A British law that took effect last week bans workplace age discrimination and bars companies from setting retirement ages below 65. (As in the U.S., the law excludes some professions.) British employers will also be required to consider employee requests to stay on past 65 and must provide them with six months’ notice of their retirement date. (The law won’t affect Lord Browne.)

In France, CEO retirement age falls to corporate bylaws. Both state and private employees are eligible to retire at 60, but must have worked 40 years to receive a pension from the state. Germany’s corporate-governance code recommends boards have a retirement policy but doesn’t prescribe the age. The government plans to gradually raise the retirement age for typical workers to 67 from 65.

CEO tenure has ripple effects throughout a company, and often an industry. A long-serving CEO risks losing lieutenants, who may seek advancement opportunities elsewhere.

Some European chief executives are moving to nonexecutive chairman roles. In France, Henri Lachmann, 68, stepped down as CEO of Schneider Electric SA in May, but remained as nonexecutive chairman of the company’s supervisory board. Schneider had raised its retirement age to 68 for Mr. Lachmann’s predecessor in the 1990s. Lindsay Owen-Jones, 60, chairman of L’Oreal SA, and Thierry Desmarest, 60, CEO of Total SA, have also successfully pushed for changes to remain in nonexecutive roles after their retirement as CEOs.

Other companies make exceptions or leave wiggle room in retirement policies. DaimlerChrysler AG, for example, says executives older than 60 should “generally” be appointed to its management board for only one year at a time, and executives 65 or older should be appointed to the management board only “in special circumstances.” In 2004, the company’s supervisory board — the German equivalent of a U.S. board of directors — granted then-CEO Jurgen Schrempp, who was 59, a four-year contract extension. Mr.
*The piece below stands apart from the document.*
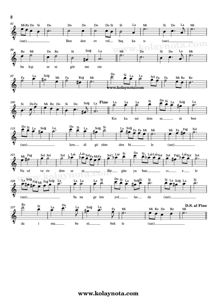 Gözlerinin İçine Başka Hayal Girmesin – Kolay Nota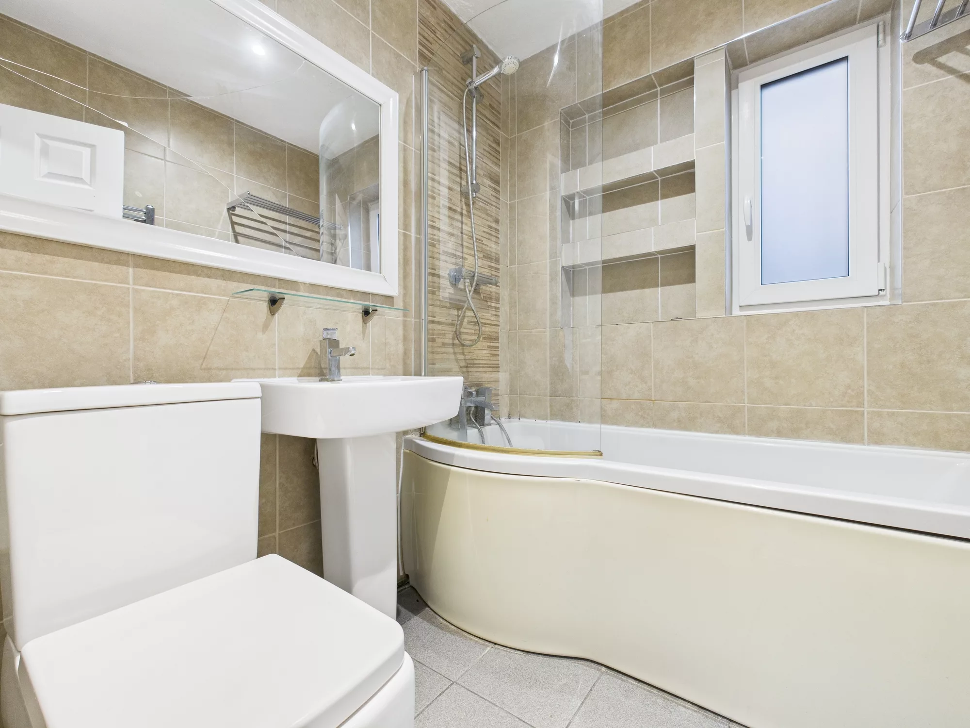 The generously sized reception room offers a bright and comfortable space to relax or entertain, enhanced by newly fitted blinds. Completing the ground floor is a family bathroom featuring a WC, wash basin, bath with overhead shower and a stylish towel radiator.

Schrempp retired last year amid criticism from unhappy investors.

At French phone titan Alcatel SA, 68-year-old CEO Serge Tchuruk won permission from the board last month to stay on through the expected completion early next year of Alcatel’s merger with Lucent Technologies Inc. “We’re moving away from an environment of stereotypical prejudices about the capabilities of older executives, and the irrational belief that younger executives are more likely to have fresh ideas,” says James Davies, joint head of employment and incentives at London law firm Lewis Silkin. “We’re losing huge amounts of experience of these people being forced out for no reason other than age.”

— Susan Warren in Dallas contributed to this article.